After less than a minute's conversation he hung up. “You speak
French?” I said.
He smiled. “But not as well as I speak German
and Japanese. And I certainly don't speak Croatian. I never had the chance to
learn. Luckily for me it seems everyone here is multilingual. Dominic knows
French best, so I speak to him in French, and he, in turn, laughs at my French.
But he will still make the most delectable meal you've ever tasted.”
“He will?” I was dubious. I've had some damn good food in the
last year or two. And New York is lousy with hole-in-the-wall restaurants that
would make a gourmand weep for joy—if you know where to find them.
“Indeed. We should get dressed.”
Getting dressed took a little longer than it normally does
because I was too drunk to match my clothes up, especially because they were
all new and I'd never seen any of them before. In the end, Malcolm dressed me,
pouring my drunk ass into a corset and delicate stockings before wrapping me up
in fine winter clothes and handing me my purse. His hands on me made me happy
and warm, and by the soft kisses he planted on my skin I could tell he felt the
same. Coming with him had been a good decision. I was sure of it.
When we finally wandered out into the streets, the city was
different than it had been this morning. Lamplight filled the stone world, and
the smell of the sea hung sharp and cold in the air. I reveled in it, letting
it sober me up a bit as we walked the cobbled streets. Or stone-paved streets.
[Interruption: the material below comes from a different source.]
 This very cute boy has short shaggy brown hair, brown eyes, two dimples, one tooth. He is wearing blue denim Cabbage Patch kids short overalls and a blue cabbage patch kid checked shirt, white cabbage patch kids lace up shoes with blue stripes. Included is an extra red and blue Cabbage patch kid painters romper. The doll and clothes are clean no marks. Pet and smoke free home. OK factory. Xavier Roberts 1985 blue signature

They kept changing under my feet, and it wasn't long before I was completely
turned around and lost. All I knew was that we were on a large, main
thoroughfare. It had rained again while we slept, and the streets gleamed
wetly, small puddles reflecting the street lamps, gilding the stone world in
I was very warm from my stifling underthings and the walk
through the streets by the time Malcolm steered me off the road and into a
little cafe. No chairs or tables stood in the street outside it, but inside a
few lights burned, and when we stepped through the door I nearly fainted with
hunger at the delicate smells of fine herbs and sweet shellfish. Traditional music
played, tinny and old-world sounding on an ancient sound system. White
tablecloths shone in the warm yellow light, and I immediately felt at home.
An older man, his face lined so deeply he looked like a raisin,
came out of the kitchen and exclaimed something in French, his arms open wide.
Malcolm returned the greeting and the two hugged and kissed like old friends.
Friends. That was what Malcolm was like. A friend to everyone.
Straightforward. Open. Welcoming. And despite his strange talk and idiosyncrasies,
he seemed to be exactly what he appeared to be. The realization startled me.
I'd known so many men who hid things, who led double lives. But Malcolm was
completely transparent. Everything there was to know about him was floating on
the surface, written in plain words in a language I was learning to decipher.
Malcolm introduced me to Dominic, and the old man embraced and
kissed me as well, his arms surprisingly strong for a raisin. Speaking in rapid
French, he ushered us over to a table in the middle of the room decorated with
fluttering candles. Malcolm helped me into my chair, then seated himself.